Jak przypomina Nestlé, kiełbasa sojowa, w porównaniu z kiełbasą wieprzową, może pochłaniać około 90% mniej CO2, 90% mniej wody i 80% mniej gruntów niezbędnych do zachowania prawidłowego procesu produkcyjnego. Dlatego też opakowanie roślinnych produktów Garden Gourmet Incredible w pełni nadaje się do ponownego użycia (recykling). Co więcej, szwajcarska firma oświadczyła, że planuje wydać ponad 2 miliardy dolarów na stworzenie rynku recyklingu tworzyw sztucznych służących do pakowania żywności.
Roślinna oferta Nestlé – co zawiera i gdzie jest dostępna?
Nowa, roślinna marka Nestlé staje się coraz bardziej popularna. W ofercie Garden Gourmet znaleźć można produkty zawierające m.in: soję, buraki, marchew, paprykę oraz olej rzepakowy i kokosowy. Już od marca bieżącego roku na 11 rynkach europejskich dostępne są kiełbaski sojowe o smaku naturalnym oraz imitującym chorizo.
Nestlé ma zamiar wprowadzać roślinne produkty stopniowo. W zależności od kraju, dostępna będzie nieco inna wersja roślinnych kiełbasek. Już od marca 2020 roku kiełbaski klasyczne i chorizo można spotkać w sklepach w Austrii, Belgii, Niemczech, Holandii, Norwegii, Szwecji i Szwajcarii.
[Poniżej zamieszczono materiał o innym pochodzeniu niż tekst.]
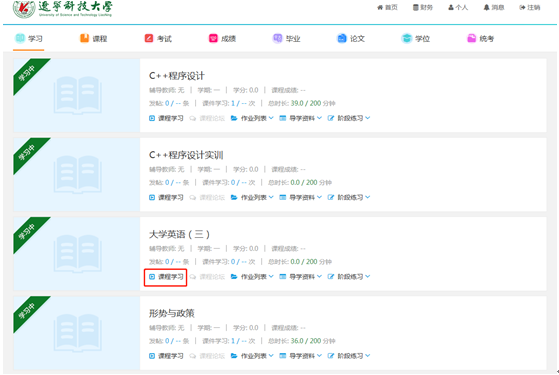 1、登錄后,進(jìn)入主頁面,找到學(xué)習(xí),然后選擇課程學(xué)習(xí)。

Natomiast w Finlandii, Danii, Czechach, we Włoszech i na Islandii oraz w Wielkiej Brytanii kiełbaski Garden Gourmet będą sprzedawane hurtowo firmom w branży gastronomicznej.
Oferta roślinnych kiełbasek w nieco zmodyfikowanej odsłonie trafiła do Stanów Zjednoczonych. Od kwietnia b.r. nowe produkty Nestlé sprzedawane są pod nazwą Sweet Earth i składają się z kiełbasek bazujących na grochu. Te będą dostępne w wariantach: Habanero Cheddar (ostra papryczka i ser), Asian Ginger Scallion (z imbirem i szczypiorem) oraz Chik’n Apple (imitujące smak kurczaka i jabłka).
Nowa fabryka roślinnych produktów Nestlé w Chinach
Wszystko wskazuje na to, że produkcja roślinnych artykułów spożywczych Nestlé rozwinie się w bardzo szybkim tempie. Koncern planuje przeznaczyć 100 milionów franków szwajcarskich na rozszerzenie produkcji roślinnego jedzenia na terenie Chin. Chiński zakład produkcyjny ma powstać na obszarze TEDA (Tianjin Economic-Technological Development Area). Rozpoczęcie prac w nowym obiekcie przewiduje się na początek 2021 roku.
Skąd taka decyzja? Okazuje się, że konsumenci w Chinach coraz częściej sięgają po roślinne artykuły spożywcze. Wśród powodów jest rosnąca cena mięsa, wynikająca m.in. z szerzącego się ASF. Dodatkowo, sytuacja związana z epidemią nowego koronawirusa i jego zwierzęcego źródła przyczyniła się także do chęci ograniczenia jedzenia mięsa przez Chińczyków.
Zgodnie z danymi przedstawionymi przez Euromonitor, chiński rynek roślinny ma się coraz lepiej. Od 2014 roku odnotowano wzrost popularności roślinnych artykułów spożywczych aż o 33,5%. Jednocześnie przewiduje się, że do 2023 roku przemysł ten będzie wart 11,9 mld USD.